Model improvement after adding the sand dam indicator variable to the NDVI GLM. NMSE difference is the average reduction in NMSE within a five-cell range after adding the sand dam indicator variable to the model. Adjusted R2 is 0.70.

DISCUSSION

Role of GRACE data in recording sand dam impact

The authors hypothesized that the sand dam's large area of influence coupled with the 3,000+ sand dams in the SDC would lead to substantial groundwater recharge that GRACE could detect. A monthly test of means revealed that some months of the year are more likely to produce differences in water storage in the SDC and buffer area. When accounting for climate factors and initial conditions, the GRACE GLMs indicated that GRACE total water storage data is only sufficient for detecting a significant regional impact of sand dams on water storage during 3 months of the year. The sand dams have a positive impact on total water storage during the months that experience the highest rainfall during each rainy season, April and November. However, the months following April and November do not exhibit a significant increase in SDC total water storage compared to the buffer area. This pattern indicates that sand dams capture more water, but they do not necessarily store significantly more water in their watershed for long periods. The inability to store water long-term can likely be attributed to seepage under the sand dam and high evapotranspiration (de Trincheria et al. 2018; Eisma & Merwade 2020). A study of 30 sand dams in Kenya found that up to 37% of sand dams have severe seepage issues, and up to 87% of sand dams lose over half of their stored water to evaporation (de Trincheria et al. 2015).

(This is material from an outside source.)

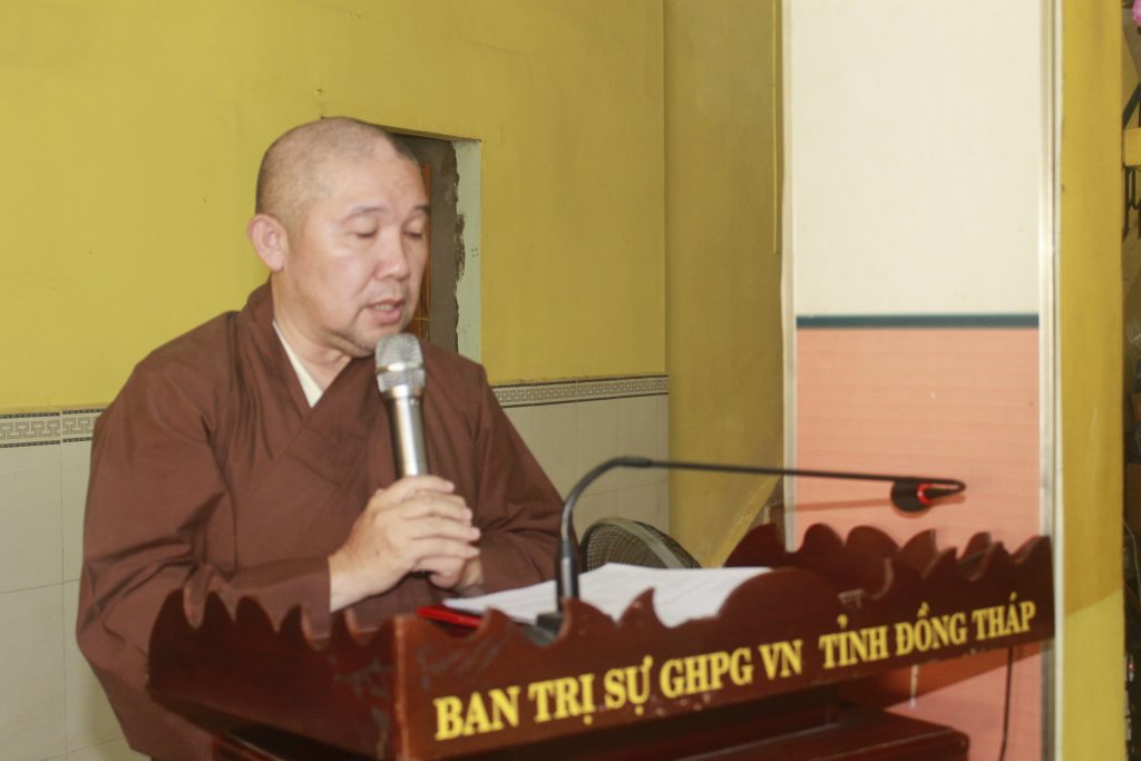 Đại đức Thích Chơn Tâm - Chánh thư ký Ban trị sự GHPGVN tỉnh Đồng Tháp đã tuyên đọc quyết định bổ sung Phó trưởng Ban Trị sự GHPGVN tỉnh Đồng Tháp nhiệm kỳ VIII (2017-2022)

Most rainfall in the SDC is lost either to baseflow-groundwater runoff or evapotranspiration (Figure 8). A properly sited and constructed sand dam will minimize the amount of stored water lost to baseflow-groundwater runoff, because the dam will be built atop a near-impermeable streambed such as bedrock or consolidated clay. Nevertheless, sand dams are most often located in rural communities with limited or no access to subsurface surveying technology. Many sand dams may be constructed upon fractured bedrock, which could lead to significant water loss from the sand dam via rainwater infiltration into the bedrock (Kosugi et al. 2006). Furthermore, farmers cultivate the riparian zone and use water from the sand dam to irrigate their crops, increasing the amount of water lost from the sand dam via evapotranspiration. Water loss through baseflow-groundwater runoff and/or evapotranspiration could be further contributing to the failure of GRACE total water storage data to confirm the positive, collective impact of sand dams on regional water storage throughout the year.

Figure 8

Influence of FLDAS climate factors on the calculation of FLDAS water storage anomaly. Precipitation is a forcing variable for the FLDAS models; surface runoff, baseflow-groundwater runoff, and evapotranspiration are simulated.

Figure 8

Influence of FLDAS climate factors on the calculation of FLDAS water storage anomaly. Precipitation is a forcing variable for the FLDAS models; surface runoff, baseflow-groundwater runoff, and evapotranspiration are simulated.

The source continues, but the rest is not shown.